一种模型训练的方法及相关装置。上述方法包括:获取待处理数据集(101);从待处理数据集中获取待训练样本,使用第一模型获得用于表示上述待训练样本的向量(102);上述待处理数据集包含的样本包括正样本和负样本;在上述待训练样本为正样本的情况下,将上述表示上述待训练样本的向量输入第二模型生成用于表示上述待训练样本的对抗样本的向量(103);将上述用于表示上述待训练样本的对抗样本的向量输入第三模型,得到输出值(104);根据上述输出值确定上述待训练样本的分损失值,计算上述待处理数据集中所有样本的分损失值求和,得到总损失值(105);在前后两次获得的总损失值之间的差值小于第一阈值的情况下,确定上述第一模型,上述第二模型和上述第三模型收敛(106)。该方法通过改进模型训练中样本的生成方法,提高模型训练的难度,从而增强模型的鲁棒性。

Description

一种模型训练的方法及相关装置
本申请要求于2020年11月12日提交中国专利局、申请号为202011261109.2,发明名称为“一种模型训练的方法及相关装置”的中国专利申请的优先权,其全部内容通过引用结合在本申请中。
技术领域
本申请实施例涉及人工智能技术领域,具体涉及一种基于对抗的模型训练的方法及相关装置。
背景技术
文本匹配是信息检索领域的核心问题。文本匹配可以归结为查询项和文档的匹配,即通过文本匹配模型对查询项和文档给出匹配分数,匹配分数越高,查询项与文档的相关性越强。
发明人发现,基于BM25(一种用来评价搜索词和文档之间相关性的算法)的文本匹配模型只能在查询项和文档具有重复词的情况下对两者进行匹配;基于深度学习的文本匹配模型则可以将语义相似的词或词组进行匹配。深度学习模型本身参数量大,需要大量数据对模型进行充分训练,对上述基于深度学习的文本匹配模型构建样本进行训练时,正样本为用户真实点击的文档,负样本为所有文档中随机抽取的文档;但是,发明人意识到,随着上述负样本数量的增加,上述基于深度学习的文本匹配模型对查询项和相对应的真实文档之间的语义理解能力下降,对相似的文档给出的匹配分数差别大,即模型的鲁棒性降低。
发明内容
本申请实施例公开了一种模型训练的方法及相关装置,通过改进模型训练中样本的生成方法,提高模型训练的难度,从而增强模型的鲁棒性。

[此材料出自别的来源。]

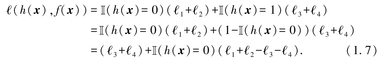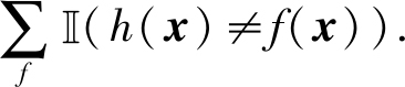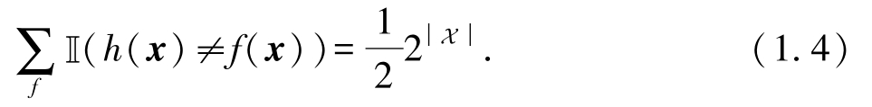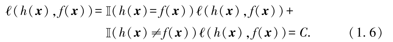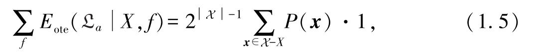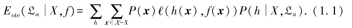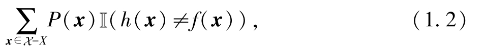 其中 P ( x )表示训练集外数据的分布.例如,数据服从均匀分布,共有5个样本,其中有2个样本在当前假设下预测的结果与真实结果不一致,则误差为2 / 5=0.4.若使用式(1.2)计算,则有0.2×1+0.2×1+0.2×0+0.2×0+0.2×0=0.4,得到同样的结果.
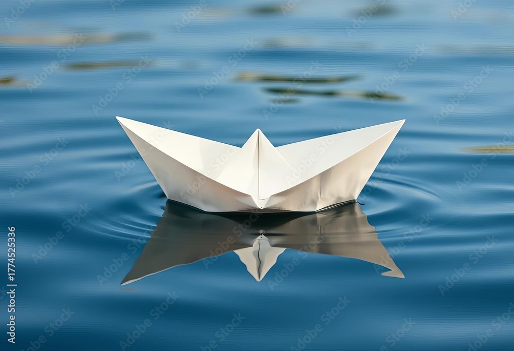 Plakat Origami - Small origami paper boat, pristine white, floating on calm water, close-up, paper boat #1774525336
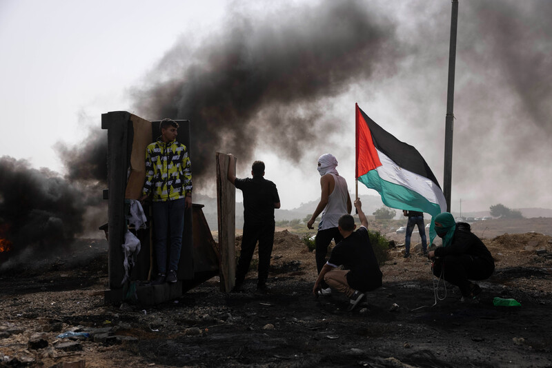 Palestinian youth confront occupation forces after the funeral of Qusai al-Tamimi, 19, killed the previous night by Israeli soldiers in Nabi Saleh, near the West Bank city of Ramallah, 25 October. Al-Tamimi was killed while taking part in an unplanned midnight protest in support of Nablus, where five Palestinians were killed in an Israeli military operation targeting the Lions Den militant group.
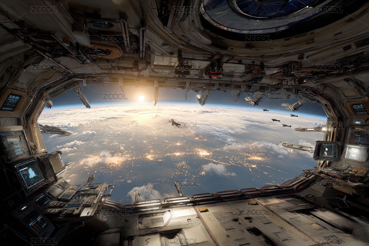 太空俯视地球美丽景象宇宙蓝色科技感背景
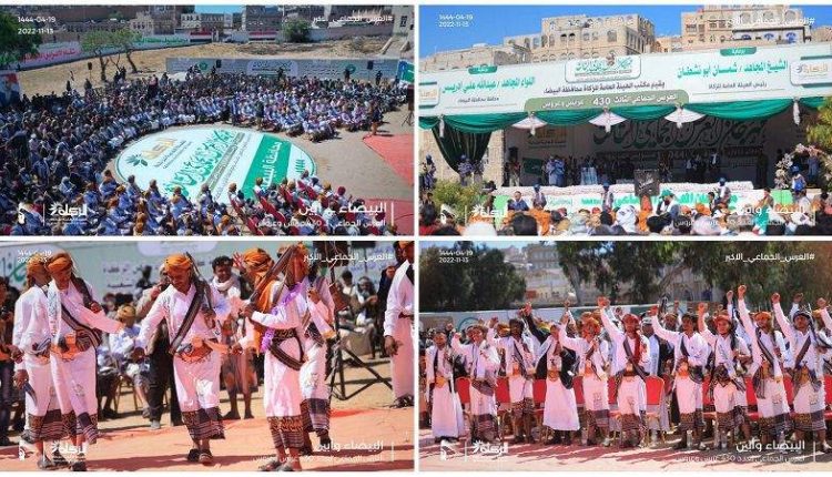 نظم مكتب الهيئة العامة للزكاة بمحافظة البيضاء اليوم الأحد، العرس الجماعي الثالث لـ430 عريساً وعروساً من أبناء الشهداء والجرحى والأسرى المحررين والأيتام والمحتاجين وأحفاد بلال من محافظتي البيضاء وأبين.
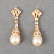 Paar 14kt gouden oorhangers gezet met druppelvormige parel en enkelgeslepen diamanten, totaal circa 0.36ct, brutogewicht 4,6 gram, 2,8 cm
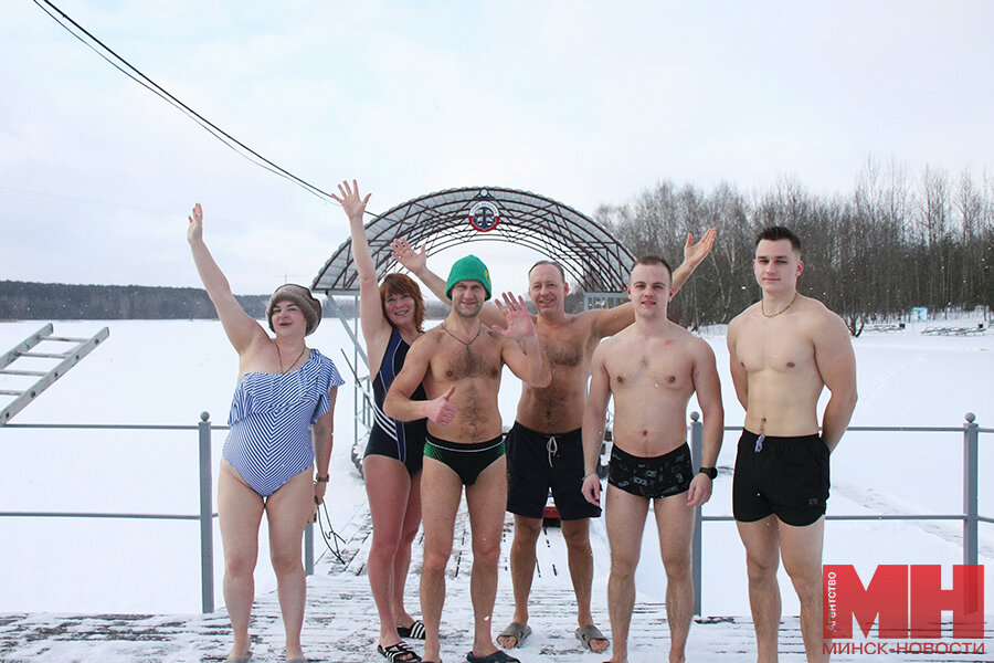 Эти ребята встретили рождественский сочельник бодряще: облачились в купальники и плавки, чтобы окунуться в Цнянском водохранилище. Корреспондент агентства «Минск-Новости» сходила узнать, как живут любители зимнего купания. На улице –8 °C, на заснеженном берегу водоема топится полевая баня, а возле проруби зажигательная разминка заканчивается погружением в ледяную воду. Однажды эти ребята объединились в сообщество «Моржи столицы». Сейчас их минимум 200 человек. — Сообщество организовал Дмитрий Мальковский. Место для окунаний выделил ОСВОД. Собираются единомышленники два раза в неделю по вторникам и субботам, — рассказал такой же любитель зимнего купания Дмитрий Разницын. За норадреналином ходит на водохранилище седьмой год. — Однажды решил расширить возможности человеческого мозга и сознания, чтобы извлечь максимум радости от жизни. Почему-то часто люди воспринимают зиму как нечто серое и спящее. За счет окунания я наслаждаюсь жизнью круглый год независимо от того, что за окном — дождь,
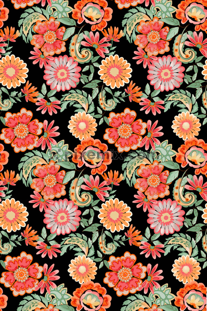 Elegant floral pattern product graphic with seamless repeat pattern

第一方面,本申请实例公开了一种模型训练的方法,包括:
获取待处理数据集,上述待处理数据集包含的样本包括正样本和负样本;
从上述待处理数据集中获取待训练样本,使用第一模型获得用于表示上述待训练样本的向量;
在上述待训练样本为正样本的情况下,将上述表示上述待训练样本的向量输入第二模型生成用于表示上述待训练样本的对抗样本的向量;
将上述用于表示上述待训练样本的对抗样本的向量输入第三模型,得到输出值;
根据上述输出值确定上述待训练样本的分损失值,计算上述待处理数据集中所有样本的分损失值求和,得到总损失值;
在前后两次获得的总损失值之间的差值小于阈值的情况下,确定上述第一模型,上述第二模型和上述第三模型收敛。

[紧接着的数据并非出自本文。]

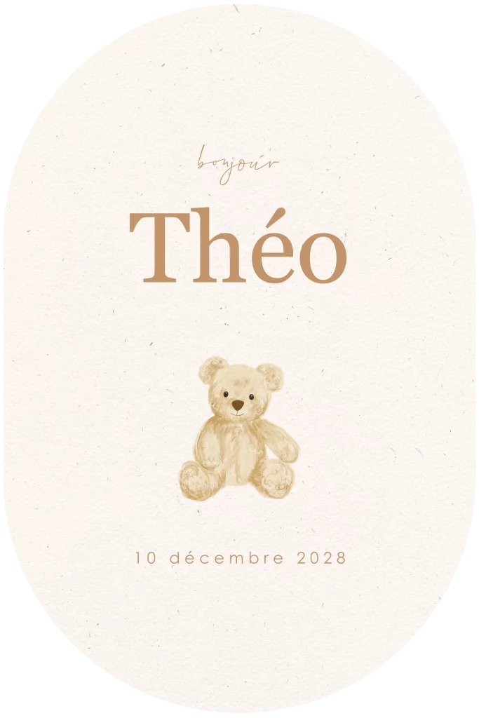 Faire-part de naissance ovale beige avec petit ours en peluche.

第二方面,本申请实施例公开了一种模型训练的装置,包括:
获取单元,用于获取待处理数据集,从上述待处理数据集中获取待训练样本,使用第一模型获得用于表示上述待训练样本的向量,上述待处理数据集包含的样本包括正样本和负样本;
处理单元,用于在上述待训练样本为正样本的情况下,将上述表示上述待训练样本的向量输入第二模型生成用于表示上述待训练样本的对抗样本的向量;将上述用于表示上述待训练样本的对抗样本的向量输入第三模型,得到输出值;
计算单元,用于根据上述输出值确定上述待训练样本的分损失值,计算上述待处理数据集中所有样本的分损失值求和,得到总损失值;
确定单元,用于在前后两次获得的总损失值之间的差值小于阈值的情况下,确定上述第一模型,上述第二模型和上述第三模型收敛。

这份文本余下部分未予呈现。